Жак превратился в сплошной комок нервов. Он шел, подпрыгивая, озираясь и судорожно вцепившись в ручку кейса. Переход через Монтаньола занял всего несколько минут, но Субрэю они показались часами, как в страшном сне, когда бежишь куда-то и не в силах сдвинуться с места. Он уже добрался до лестницы, спускавшейся на площадь VIII Агосто, как вдруг увидел внизу медленно едущее вдоль тротуара такси и угадал, что мужчина за спущенным стеклом целится в него. Жак плюхнулся на землю в ту же минуту, когда послышался предательский хлопок. Решив, что убийца не может знать, ранен он или нет, Субрэй замер и стал не без любопытства ждать неизбежной развязки. Старик, внушавший Жаку столь сильные подозрения, первым опустился рядом с ним на колени. Одной рукой он начал ощупывать грудь француза, а другой старался вырвать у него кейс. Почтенный предок так низко склонился над Субрэем, что тот вполне мог бы укусить его за нос, но ограничился лишь насмешливым замечанием:
– Парик тэрьяэшь, товариш!
Старик отшатнулся и, подскочив как ужаленный, исчез в толпе любопытных, уже собравшихся около Жака. Субрэй встал и, уверив всех, что это всего-навсего легкое недомогание, пошел к ближайшей скамейке. Зеваки, удовлетворив любопытство, в конце концов разошлись. Очень скоро Жак снова увидел своих преследователей, или, во всяком случае, тех, кого считал таковыми.

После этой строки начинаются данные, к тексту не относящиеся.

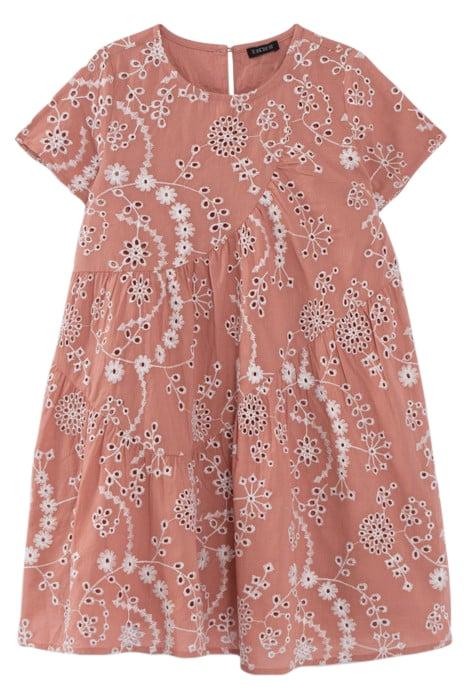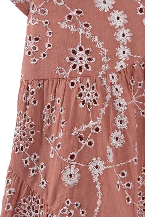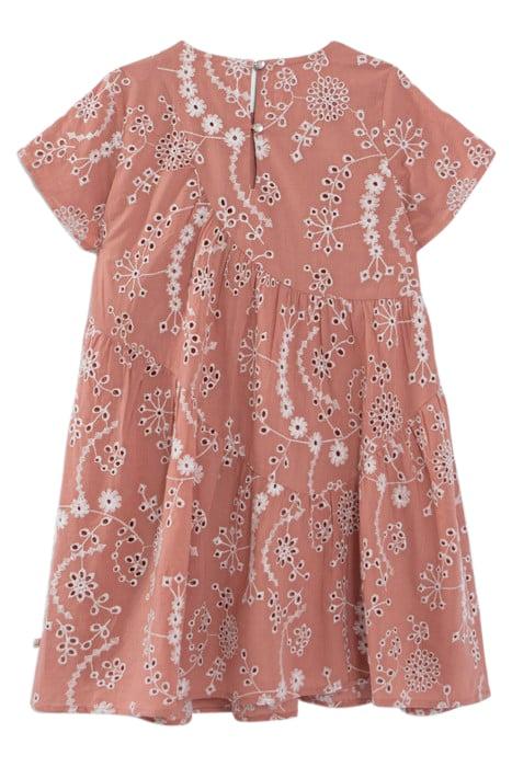 GIRLS’ OLD PINK ORGANIC COTTON DRESS, EMBROIDERED FLOWERS
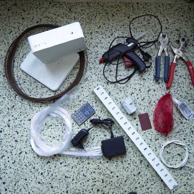a la caja para sostener la electrónica (utilicé una caja de praliné) y una manera para hacer agujeros en la caja (depende del material de la caja). Creo que es genial cuando tiene una tapa, para facilitar el montaje y poner el control remoto en alguna parte. Mejor utilice una caja de incombustible
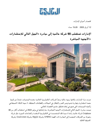 تارﺎﻤﺜﺘﺳﻼﻟ ﻟﺎﺘﻟا ﻞﻴﺠﻟا» ةردﺎﺒﻣ ﻟإ ﺔﻴﻤﻟﺎﻋ ﺔﻛﺮﺷ 90 ﺐﻄﻘﺘﺴﺗ تارﺎﻣﻹا
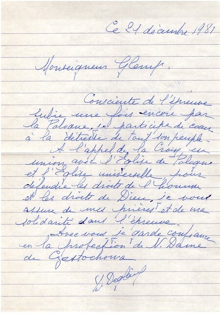 Kolekcja: | Archiwa > Francuskie listy do księdza kardynała Józefa Glempa z okresu stanu wojennego > 36-9782-9908 |
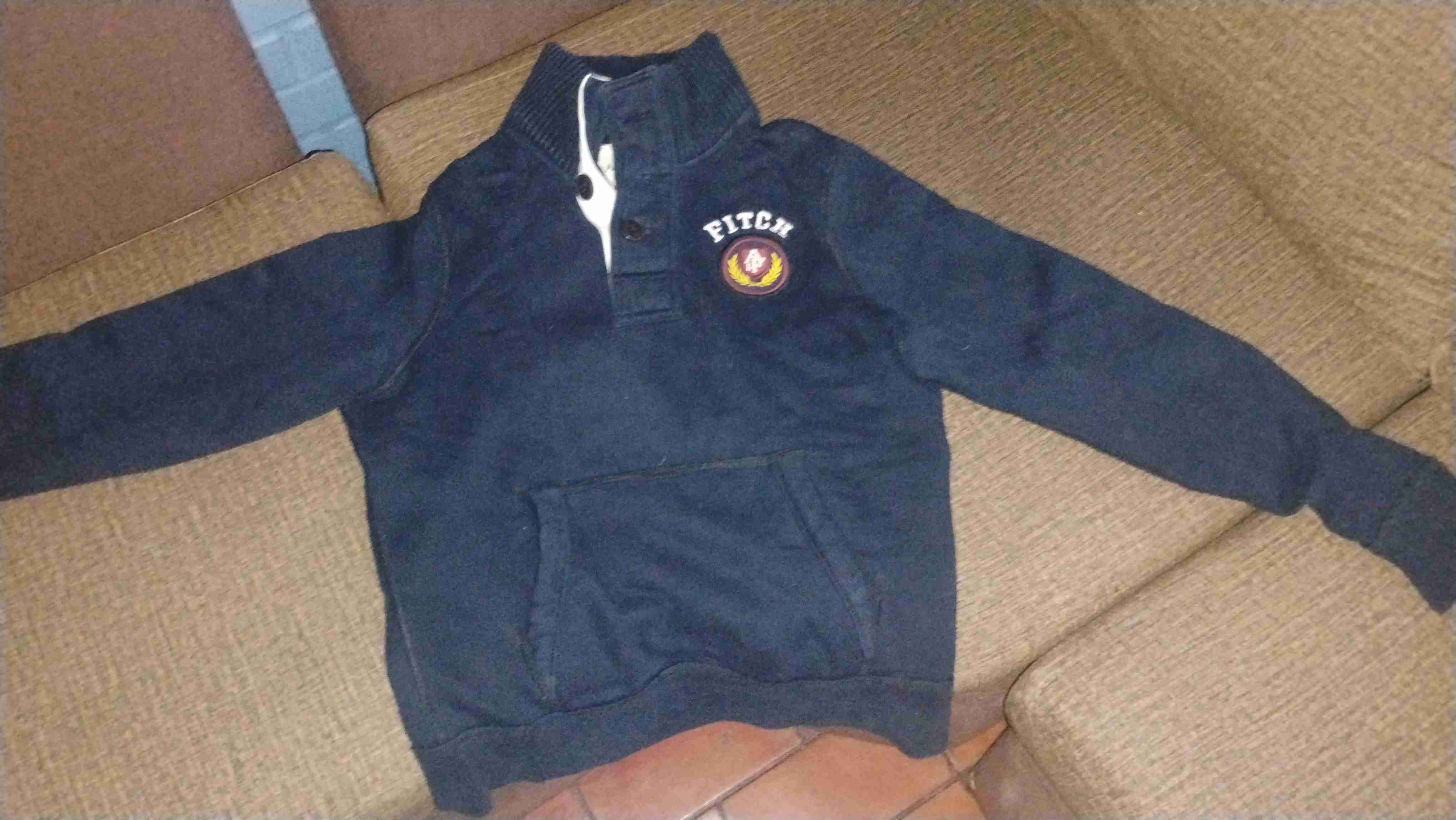 Polerón azul oscuro con cuello alto y bolsillo delantero. Ideal para días fríos. Buen estado con pequeñas señales de uso.

У одного, по его мнению, был слишком вороватый вид, другой, наоборот, был излишне развязен, у третьего – слишком молодой взгляд на искусно «состаренном» лице и сгорбленная спина при юношески пружинистой походке. И вся эта компания готовилась к новому нападению. Продолжая играть роль человека, все еще не оправившегося от сильного потрясения, Жак с трудом встал и начал спускаться на площадь VIII Агосто. Краем глаза он заметил, что погоня приближается. Наконец, уже у самой площади, его окружили. Но перехватив инициативу, Жак толкнул мнимого кондуктора, оказавшегося ближе прочих врагов, и, воспользовавшись минутным замешательством – никто из преследователей явно не ожидал нападения, – сделал вид, будто направляется в сторону Палаццо делле Дженио Сивиле, но тут же вильнул вправо, подозвал такси и громко приказал шоферу ехать на вокзал. Радуясь, что оказался на высоте, Субрэй расслабился и закурил, потом оглянулся. Машина, едва не сбившая его полчаса назад, ехала сзади. Жак усмехнулся: итак, преследователи не отставали. Значит, все идет по плану.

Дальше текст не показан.